Finally, here is how you could use `repl_python()`:
![](figures/repl_python.png)
## Sharing objects between `R` and `python`
As mentioned in the introduction, [reticulate](https://rstudio.github.io/reticulate/)
automatically translates between common objects when switching the language,
as summarized in the following table:
R Python Examples
--------------------- ----------------- ---------------
Single-element vector Scalar 1, 1L, TRUE, "foo"
Multi-element vector List c(1.0, 2.0, 3.0), c(1L, 2L, 3L)
List of multiple types Tuple list(1L, TRUE, "foo")

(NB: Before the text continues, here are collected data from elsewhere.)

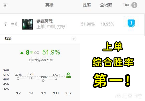 从最近几个版本的改动来看,铁男在9.7-9.11的版本中一直位于40名左右的下水道胜率,腿又短伤害又底,排位中几乎看不到。而在9.12版本重做更新了之后,这名英雄直接一跃成为Rank中非ban即选的存在!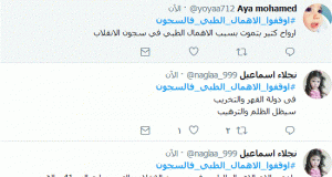 شهد هاشتاج “#أوقفوا_الإهمال_الطبي_فالسجون” تفاعلًا واسعًا عبر مواقع التواصل الاجتماعي؛ رفضًا للإهمال الطبي بحق المعتقلين في سجون الانقلاب، الأمر الذي تسبب في وفاة المئات، ووضع مئات آخرين على قوائم الموت البطيء. وكتبت آية محمد: “أرواح كتير بتموت بسبب الإهمال الطبي في سجون الانقلاب.. أصبحت السجون مقبرة للشرفاء بسبب الإهمال الطبي”. فيما كتبت “كتوتة كتوتة”: “في مصر لو ماموتش مقتول برصاصة هتموت ...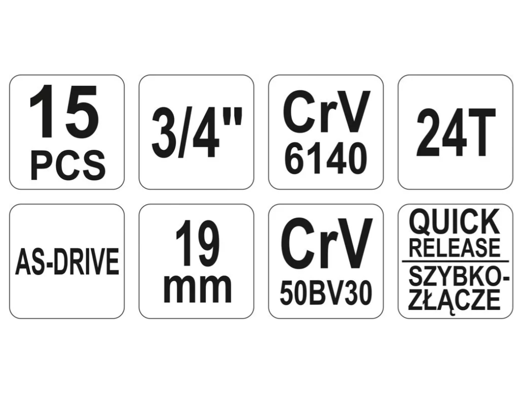 Gola sada 3/4", 15 dielov YATO YT-1334

Named list Dict list(a = 1L, b = 2.0), dict(x = x_data)
Matrix/Array NumPy ndarray matrix(c(1,2,3,4), nrow = 2, ncol = 2)
Data Frame Pandas DataFrame data.frame(x = c(1,2,3), y = c("a", "b", "c"))
Function Python function function(x) x + 1
Raw Python bytearray as.raw(c(1:10))
NULL, TRUE, FALSE None, True, False NULL, TRUE, FALSE
Let's use the `r` and `py` objects to illustrate sharing of objects.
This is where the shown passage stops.